Alright so, Motion Planning Network (MPN) and Motion Planning Transformer (MPT), this was actually a topic assigned to me for exploration (maybe I’ll share more about this in the future), not really my own motivation, so I researched them, and I do believe I have interesting findings for this post.

But first, the mandatory stuff, which is reading the papers, extracting insights, good old literature review. In this post, I will be covering the MPNet paper: Motion Planning Networks, Qureshi et al., 2019.

I will link the Motion Planning Transformers post here (coming soon).

I also recently setup Obsidian to try out this paper review workflow, this post was originally drafted in Obsidian, so the formatting might be a bit different from my usual posts.


Table of Content

Block

1. Recap

Motion planning is one of the main pillars for modern robotics. Such algorithms however, increases exponentially in complexity as dimensionality of the problem increases.
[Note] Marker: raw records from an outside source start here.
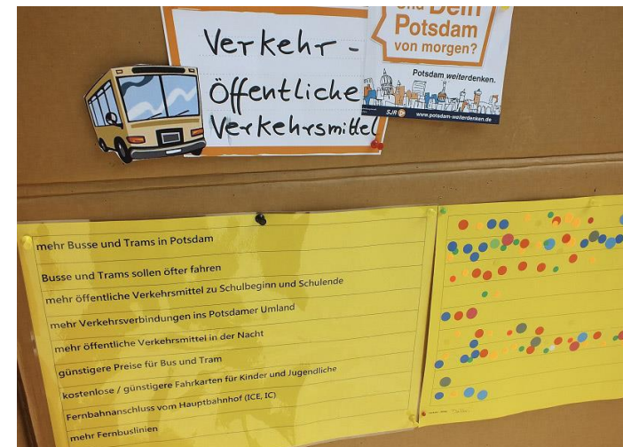
500 Kinder und Jugendliche nahmen teil
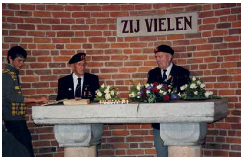
Stoters van kring Maas en Waal van de BOSS.

Het werkcomité, dat het bestuur van de stichting ondersteunt bij de jaarlijkse organisatie, bestond voornamelijk uit leden van kring Maas en Waal van de BOSS.
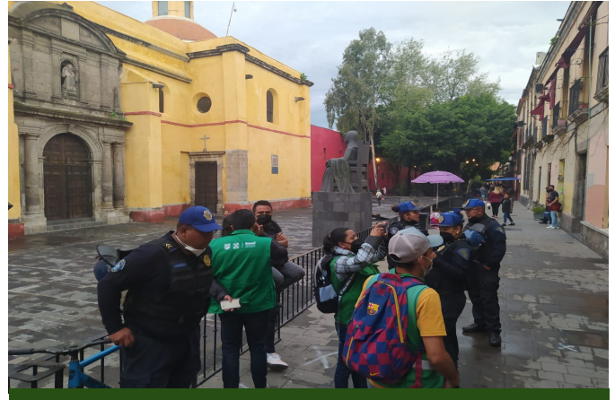
Supervisión San Jerónimo
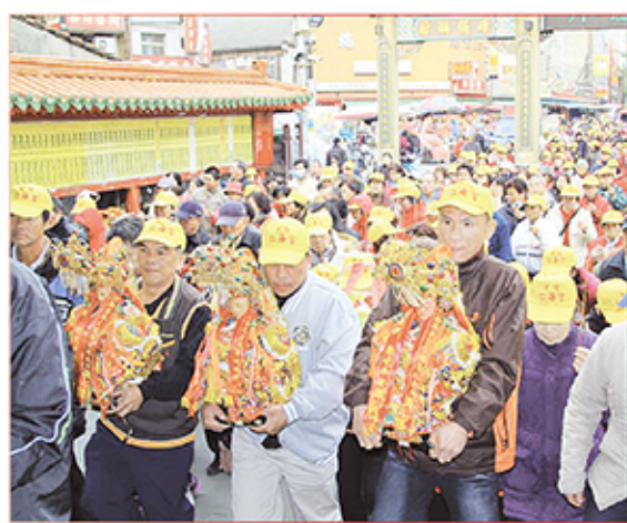
6. 桃園縣中壢市仁海宮。
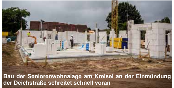
Bau der Seniorenwohnanlage am Kreisel an der Einmündung der Deichstraße schreitet schnell voran

Astrid Eggert und Katharina Goedecke erklärten, dass
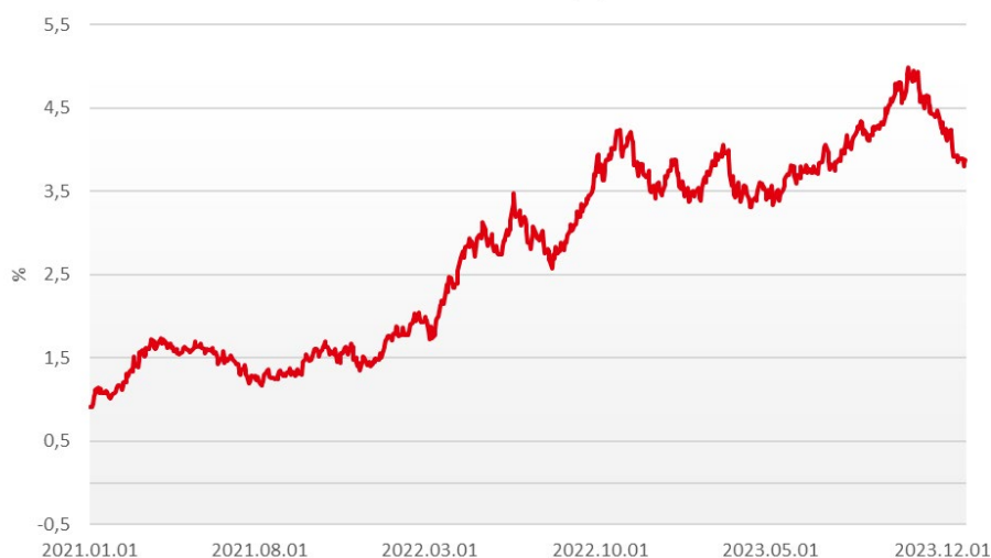
A 10 éves amerikai állampapírhozam
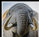
7 Défense d'Ap...
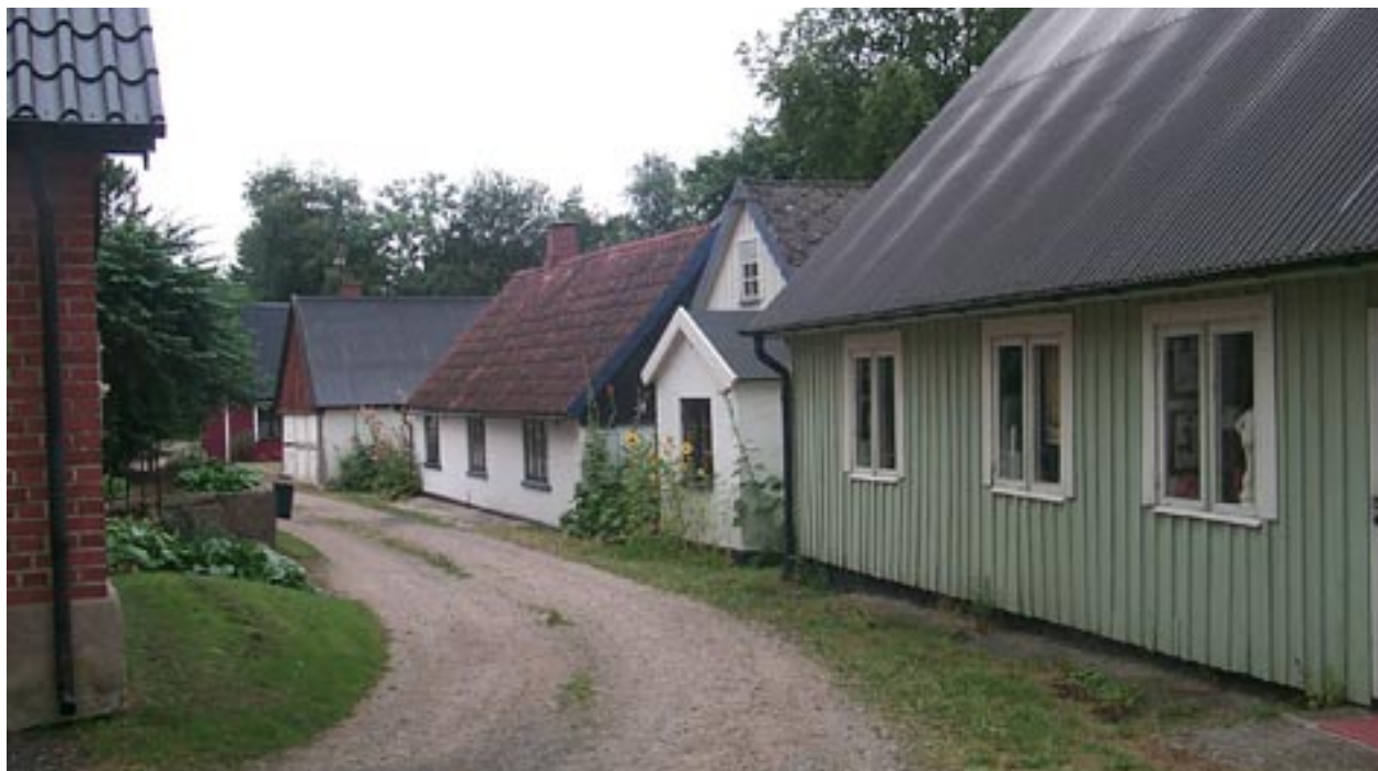
Korsvirke, slätputs, panel och tegel - i byn finns en mångfald av olika fasadutföranden.

kalkon med sina stora djurstallar som blivit ett populärt besöksmål.

The team proposed a neural-network based framework called MPNet to tackle the problem. They tested it on various 2D and 3D environments, everything from a simple point-mass robot in a 2D random forrest to a 7DOF Baxter robot.

Baxter robot figure 1

MPNet is essentially: 1 contrative autoencoders (ENet) feeding into a dense deep neural network (PNet). They train these 2 nets separately by generating synthetic workspaces, ENet is trained with reconstruction loss, while PNet is trained with MSE loss.

For the Baxter robot case, interestingly they trained the entire ENet -> PNet end-to-end with MSE loss and a shallower PNet. For ENet, they also ditched the Decoder, its a 4 layers DNN, kinda weird seeing a 4L DNN feeding into a 9L DNN but oh well.
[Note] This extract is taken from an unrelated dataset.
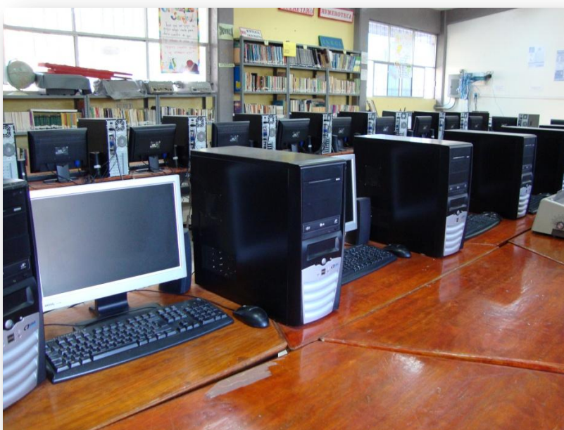
Fotografía 9. Biblioteca de la escuela Secundaria Mariano Escobedo

Constantemente están haciendo falta equipos. Aunque se han comprado bastantes, ahora se han comprado para la biblioteca 28 computadoras. (Entrevista Director Qro, 2009)
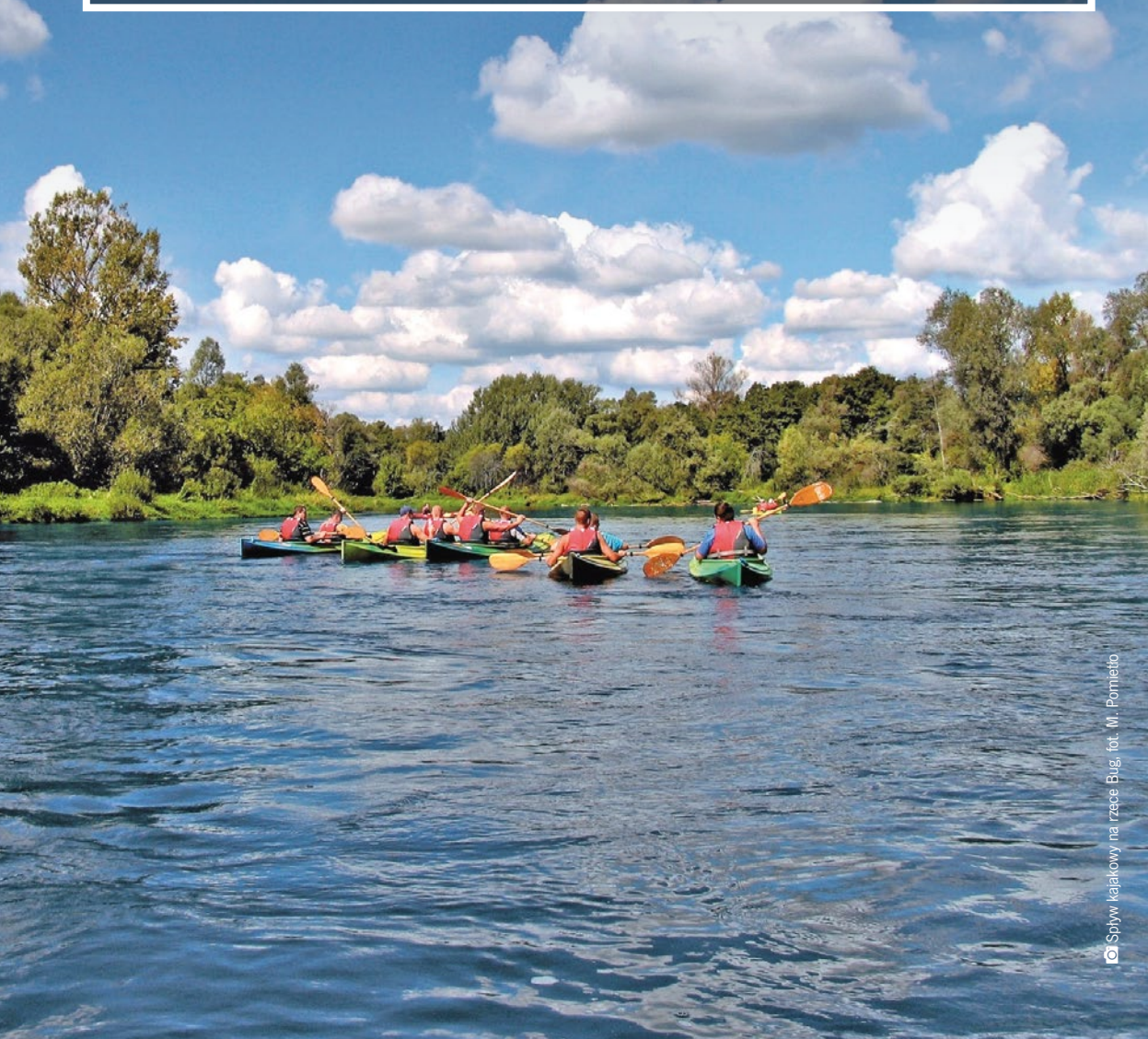
Spływ kajakowy na rzece Bug

Bogactwo przyrodnicze podlaskich rzek najlepiej poznawać z bliskiej perspektywy, np. z kajaka. Nad Biebrzą możecie również wybrać się na spływ tratwą rzeczną, a nad Narwią zaskoczą Was tradycyjne łodzie, zwane pychówkami. Wizytówką Biebrzy są rozległe bagna i torfowiska, liczne gatunki gniazdujących tu ptaków, a także król tych terenów – łoś. Wijąca się meandrami Narew, z silnie rozgałęzionym korytem i otaczającymi je terenami bagiennymi, jest nazywana „polską Amazonką”. Bug natomiast poniesie Was w malownicze i ciekawe kulturowo południe regionu.

It did worked out well for them, they state MPNet’s computation time is at least 20x faster against traditional Sampling-based Motion Planners (SMP).

MPNet doodle

My personal take is that, this paper feels kinda shaky. It feels like they run into some sort of roadblock with the Baxter robot setup (lets refer to this as Baxter MPNet) and the deadline was closing up or something.
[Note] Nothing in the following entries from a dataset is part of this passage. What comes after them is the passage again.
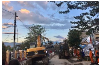
Verwoesting alom in Palu
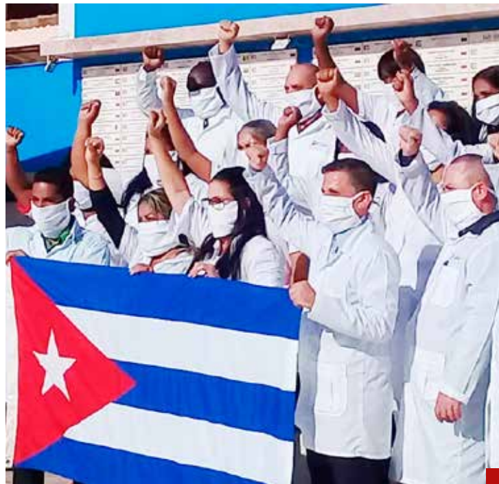
La contratación de supuestos médicos, una forma encubierta de apoyar a la dictadura cubana.

Si lo dudaba, ahí están las protestas de esta semana por los constantes cortes de energía eléctrica y la permanente escasez de alimentos. Ni cómo negarlos.
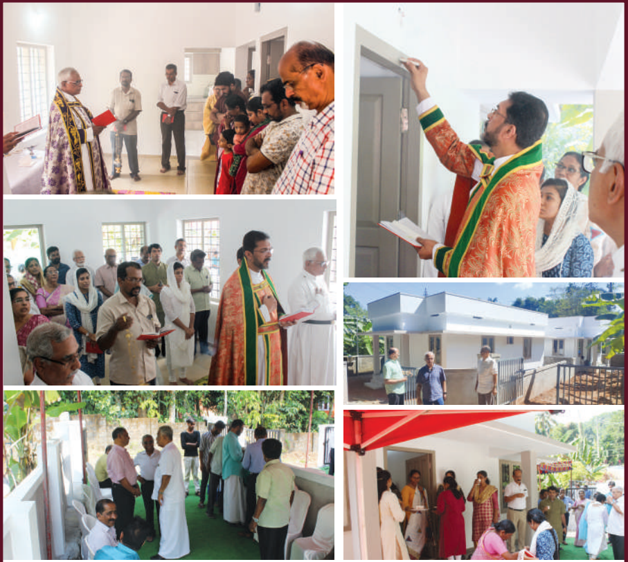
Home for homeless dedication on 21.12.2022
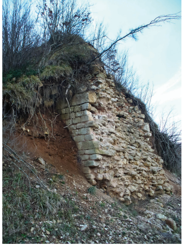
Şekil 5. b) Sur kalıntısının yoldan görünümü

fakat bu duvarlara ait herhangi bir burca rastlanmadığını söyler. 17 Oysa Schuchhardt, Karanlık Ayazma ile Çilingirtepe arasında, ondan fazla burç bulunduğunu saptamıştır. Bunlar yarım daire şeklinde kulelerdi. Schuchhardt'ın incelemeleri sırasında sur kapıları da büyük ölçüde sağlam durumda idi. Kapıların bir kısmı, burçlarla takviye edilmiş ana kapılar, diğerleri ise daha küçük ölçülerdeki ikincil (talî) kapılardı.
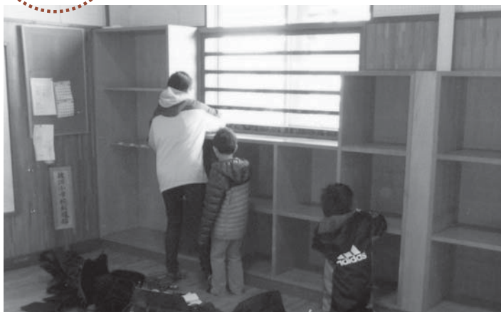
▲普段使用しているロッカーも心を込めて清掃しました
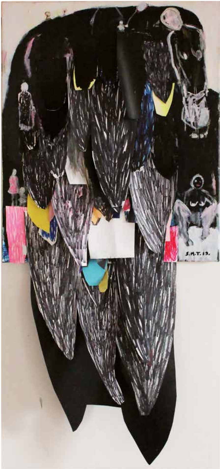
12. Hommage v črnem in rožnatem, 2019, mešana tehnika na platnu, 100 x 50 cm
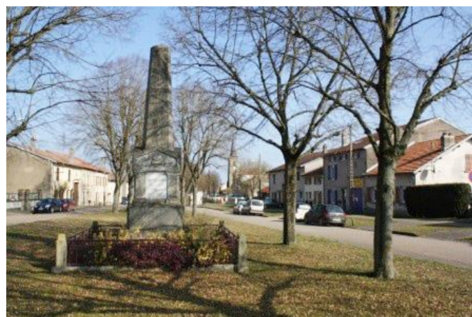
Monument aux morts
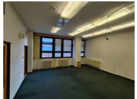
UX2NP-m227a-f1.jpg 2.23 MB
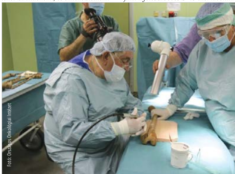
Steril műtői körülmények között folyt a vizsgálat

történelmi jelentőségű felfedezésekre jutni: „Miután az intézetben nagyon hamar elkezdtük a tumor DNS-ek vizsgálatát, úgynevezett szekvenálását, és évente már hétezer vizsgálatot végzünk, úgy éreztem, hogy megvan a képesség arra, hogy DNS-eket vizsgáljunk. Természetesen itt hatszáz-nyolcszáz éves DNS-ekről van szó, ahol nyilvánvalóan számos eltérés van, de az alapismeret ugyanaz. Szakemberek nyitották fel a szarkofágokat, koporsókat. Műtői sterilitás körülményei között átvittük a csontokat az Országos Onkológiai Intézet egyik erre a célra előkészített műtőjébe. Ott minden egyes csontvázról CT-felvételeket készítettünk, majd mintát vettünk. Rendkívül felemelő, nagyon szép munka volt. Ezt követte a mintáknak az előkészítése arra, hogy megpróbáljunk nyolcszáz éves DNS-eket kivonni.
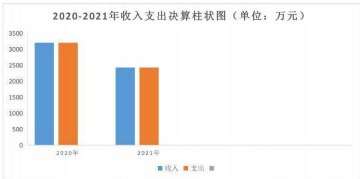
图 1：收入支出决算柱状图

本单位 2021 年度收入总计（含结转和结余）2428.87 万元。与 2020 年度决算相比，收入减少 776.4 万元，下降 24.22%，主要原因是：首先 2021 年实施预算一体化平台，县本级项目结余不在结转，其次我院政法基础设施建设- 审判综合楼项目收入减少。本部门 2021 年度支出总计（含结转和结余）2428.87 万元。与 2020 年度决算相比，支出减少 776.4 万元，下降 24.22%，主要原因是：我院政法基础设施建设-审判综合楼项目支出减少。

They don’t really make justification for changing the architecture and training strategy, and their results showcase for the Baxter case is just a few lines at the end of the results section instead of a more thorough A/B/n test like they did with their base MPNet.

Another thing I found intriguing is their novel bidirectional stochastic algorithm as a heuristic for MPNet. The authors state this make the path generation heuristic “greedy and fast”.


2. Problem Definition

Let $X \subset \mathbb{R}^d$ be a given state space, $d \in \mathbb{N}$ would be 2 in $\mathbb{R}^2$ (2D space) and 3 in $\mathbb{R}^3$ (3D space).

The Baxter robot operates in $SE(3)$ space (Special Euclidian Group). Consisting of $(x, y, z)$ and rotation $(\text{roll, pitch, yaw})$, the 1 extra DOF in Baxter’s 7 DOF is called redundancy, allowing it even more freedom in the space especially when obstacles are involved.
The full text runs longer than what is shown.